This content has been marked as final. Show 3 replies
gogol wrote:Congratulations for reading something and taking the time to come up with a thought experiment to question what you've read. In fact your scenario is quite common and not a silly question at all.
Now a situation came in my mind (may be its a very silly question but I am not getting it, please help me)...
Suppose in a table of eighty thousand rows there are several columns and one column has total five distinct values (which is very less and we should not use index). But on the other hand, among those five distinct values, three of them appeared for very less number of times (in 80000 rows, they appear only for 10 to 20 times) and rest two distinct values appeared a lot of times.80,000 isn't a particularly large table - the last time I saw this the table held several million rows with 2 common values and 4 or 5 values which tended to hold 10 to 100 rows each, and only temporarily. (See http://jonathanlewis.wordpress.com/2009/04/23/histogram-change/ )
Now in this case, an index on that column will be beneficial if we access those three values which appeared less number of times and the same index will be disastrous for the other two values.
The histogram with literals in the SQL is one (perfectly valid) approach - but if you do that you have to be very careful with the histogram in case Oracle manages to sample a histogram that only sees the two popular values. The solution to that would be to ensure that you could create a representative histogram using some pl/sql ( See http://jonathanlewis.wordpress.com/2009/05/28/frequency-histograms/ )
(Updated - I hit "post" when I meant to hit "Preview")

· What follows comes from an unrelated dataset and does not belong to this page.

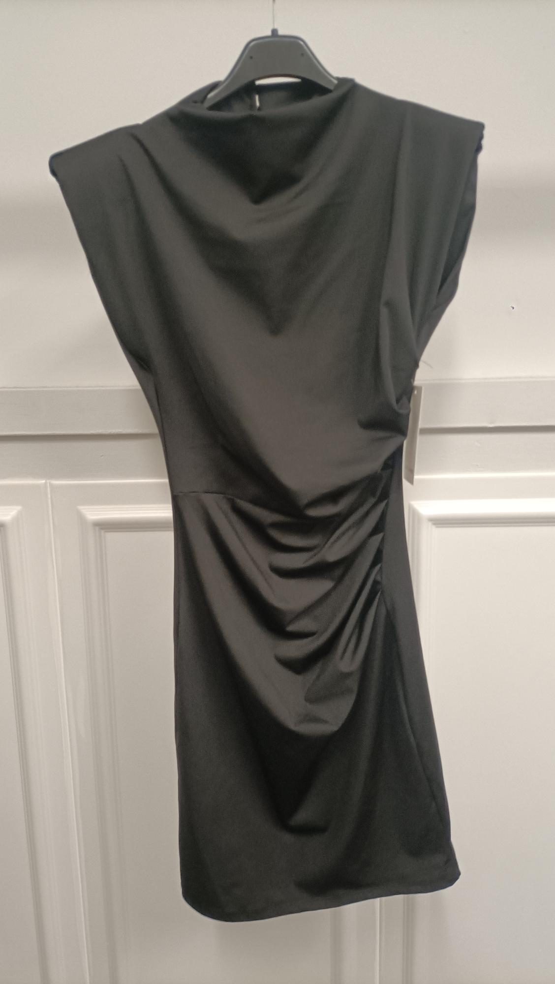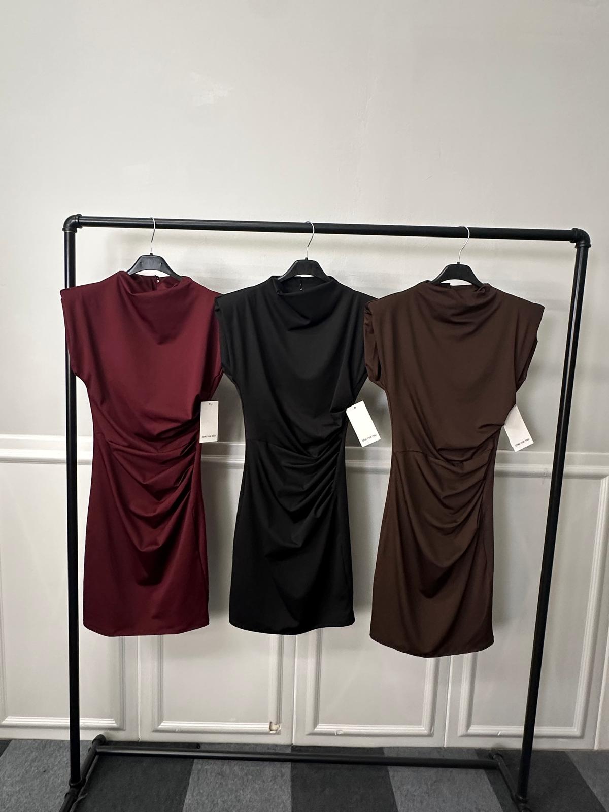 Il punto focale è l'arricciatura strategica sul fianco sinistro 💃: questa lavorazione non solo aggiunge un tocco di design scultoreo, ma modella e scolpisce la zona della vita e dei fianchi in modo incredibile. Lo scollo accollato dona sofisticatezza e bilancia perfettamente la lunghezza mini dell'abito. Per un tocco di lusso inatteso, la chiusura sul retro è adornata da due bottoni cromati luccicanti, un dettaglio chic che cattura lo sguardo.

An alternative that is much nicer if you can modify the application code is to create a function-based index (or a virtual column with an index in 11g) to hide the popular values, e.g.:
(I may have got the syntax a bit wrong - I'm not near a database at present.)
create index t1_f1 on t1( (case flag_col when 'X' then null when 'Y' then null else flag_col end ) )
This index will be tiny as it holds only the rare values that you'd typically be interested in - which also means it reduces the index maintenance costs, of course.
The side effect is that your client code has to know that queries for X or Y have to use predicates of the form flag_col = 'Y', while queries for all other values should use "case ... end = value".